Sparsity in Deep Neural Networks (DNNs) has been widely studied to compress and accelerate the models on resource-constrained environments. It can be generally categorized into unstructured fine-grained sparsity that zeroes out multiple individual weights distributed across the neural network, and structured coarse-grained sparsity which prunes blocks of a neural network. Fine-grained sparsity can achieve a high compression ratio but is not hardware friendly and hence receives limited speed gains. On the other hand, coarse-grained sparsity cannot concurrently achieve both acceleration on modern GPUs and maintain performance.

N:M fine-grained structured sparse network, which can maintain the advantages of both unstructured fine-grained sparsity and structured coarse-grained sparsity simultaneously on specifically designed GPUs.

Clarify

The Nvidia ASP prune along channel dimensions, our original method prune alone kernel dimensions.

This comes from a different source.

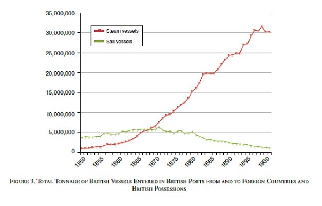 Research shows, for example, that as much as half of the first large increase in global trade—between 1870 and 1913 (aka “Globalization 1.0”)—was driven by the adoption of the steamship, which freed cargo vessels from being at the mercy of trade winds and thus shrunk shipping times (and therefore costs).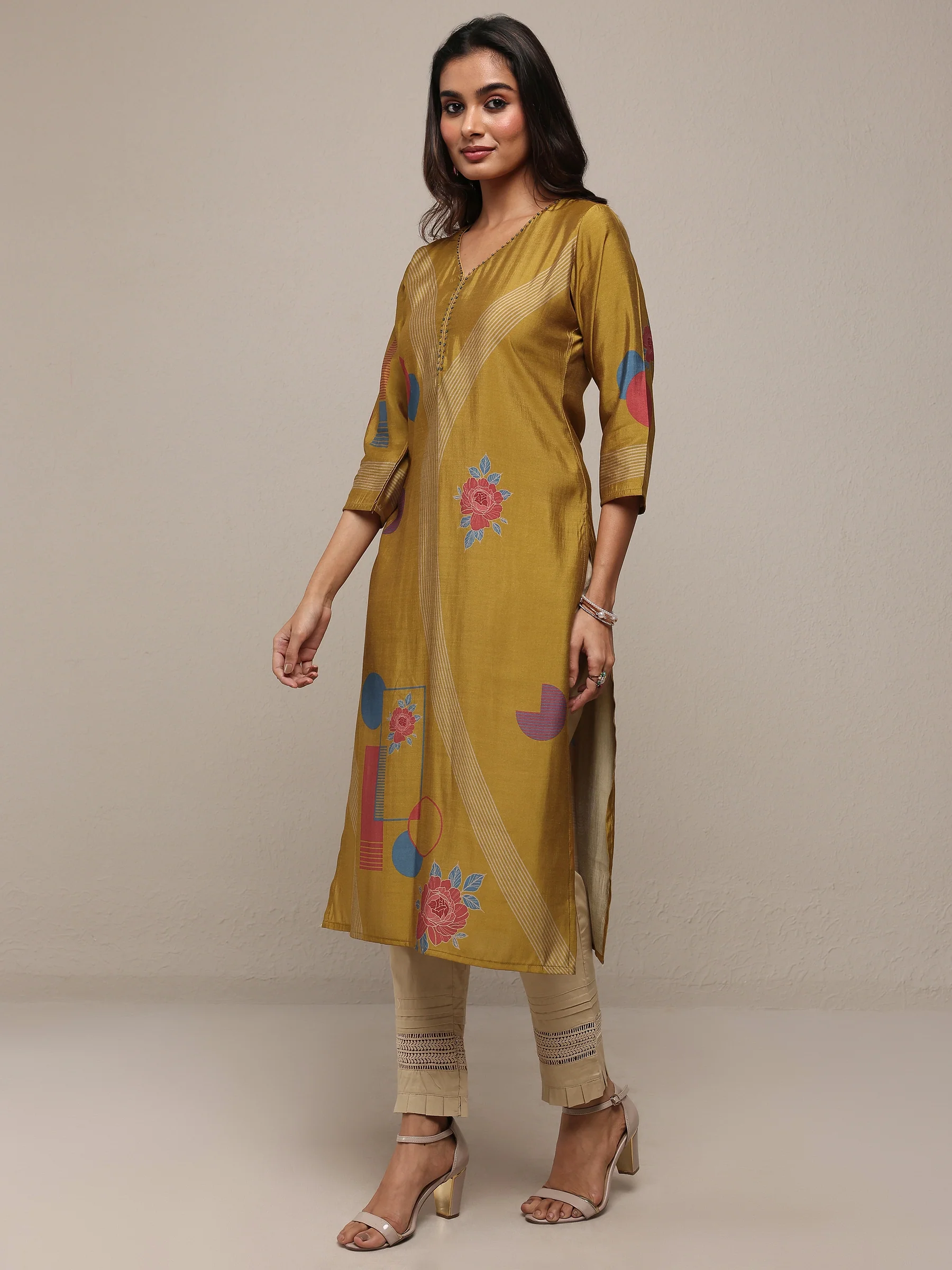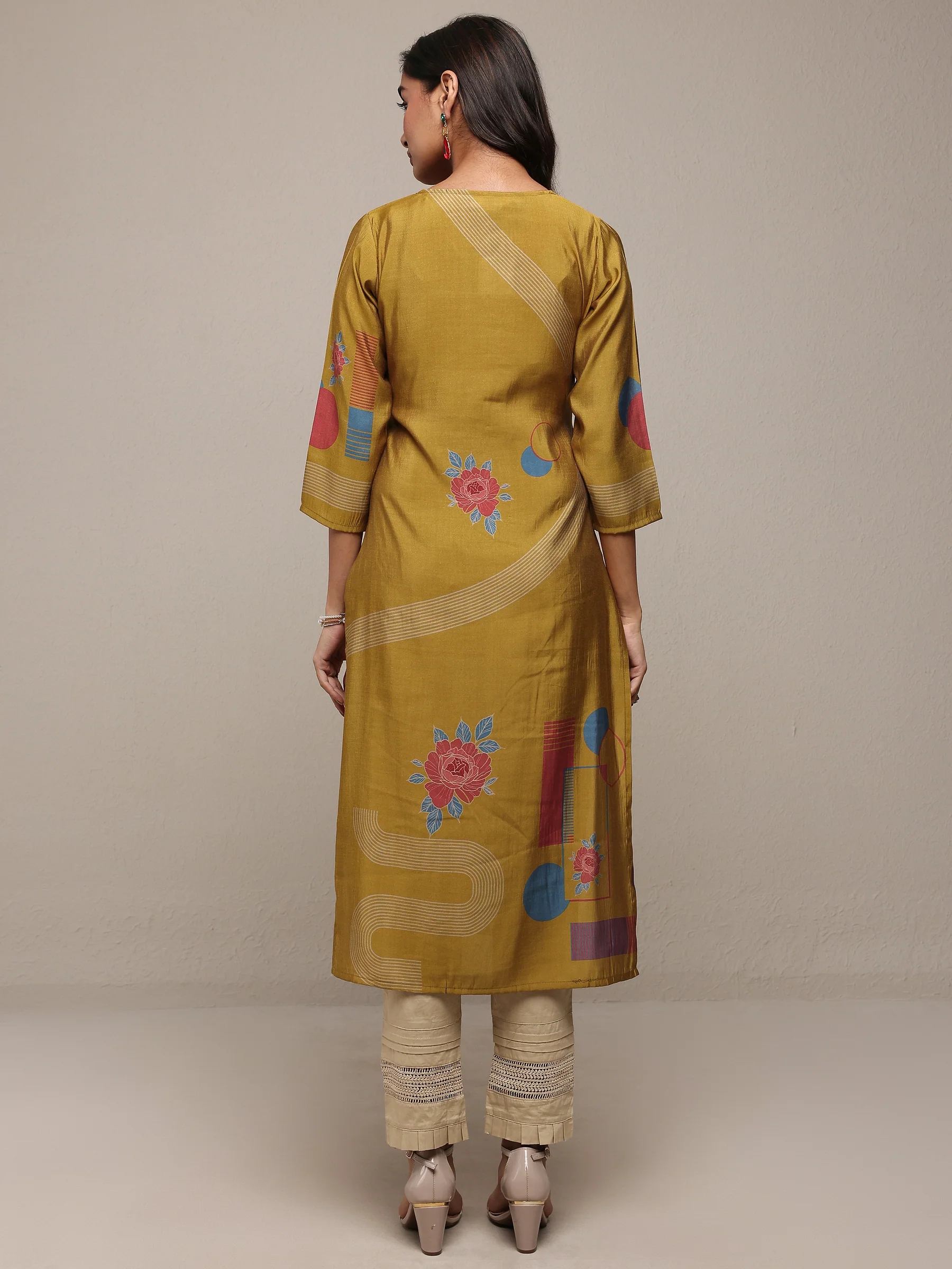 Mustard Printed Silk Blend Straight Kurta ₹1,200.00 Incl GST.

Model Zoo

alt text

Latest NVIDIA Ampere GPUs design for 2:4 sparsity, For hardware acceleration, you can see the following resources:

  How Sparsity Adds Umph to AI Inference

  Accelerating Sparsity in the NVIDIA Ampere Architecture

  Exploiting NVIDIA Ampere Structured Sparsity with cuSPARSELt

Method

SR-STE can achieve comparable or even better results with negligible extra training cost and only a single easy-to-tune hyperparameter $\lambda_w$ than original dense models.

alt text

the implementation details are shown as follows(https://github.com/NM-sparsity/NM-sparsity/blob/main/devkit/sparse_ops/sparse_ops.py):

class Sparse(autograd.Function):
    """" Prune the unimprotant weight for the forwards phase but pass the gradient to dense weight using SR-STE in the backwards phase"""

    @staticmethod
    def forward(ctx, weight, N, M, decay = 0.0002):
        ctx.save_for_backward(weight)

        output = weight.clone()
        length = weight.numel()
        group = int(length/M)

        weight_temp = weight.detach().abs().reshape(group, M)
        index = torch.argsort(weight_temp, dim=1)[:, :int(M-N)]

        w_b = torch.ones(weight_temp.shape, device=weight_temp.device)
        w_b = w_b.scatter_(dim=1, index=index, value=0).reshape(weight.shape)
        ctx.mask = w_b
        ctx.decay = decay

        return output*w_b


    @staticmethod
    def backward(ctx, grad_output):

        weight, = ctx.saved_tensors
        return grad_output + ctx.decay * (1-ctx.mask) * weight, None, None
class SparseConv(nn.Conv2d):
    """" implement N:M sparse convolution layer """
    
    def __init__(self, in_channels, out_channels, kernel_size, stride=1, padding=0, dilation=1, groups=1, bias=True, padding_mode='zeros', N=2, M=4, **kwargs):
        self.N = N
        self.M = M
        super(SparseConv, self).__init__(in_channels, out_channels, kernel_size, stride, padding, dilation, groups, bias, padding_mode, **kwargs)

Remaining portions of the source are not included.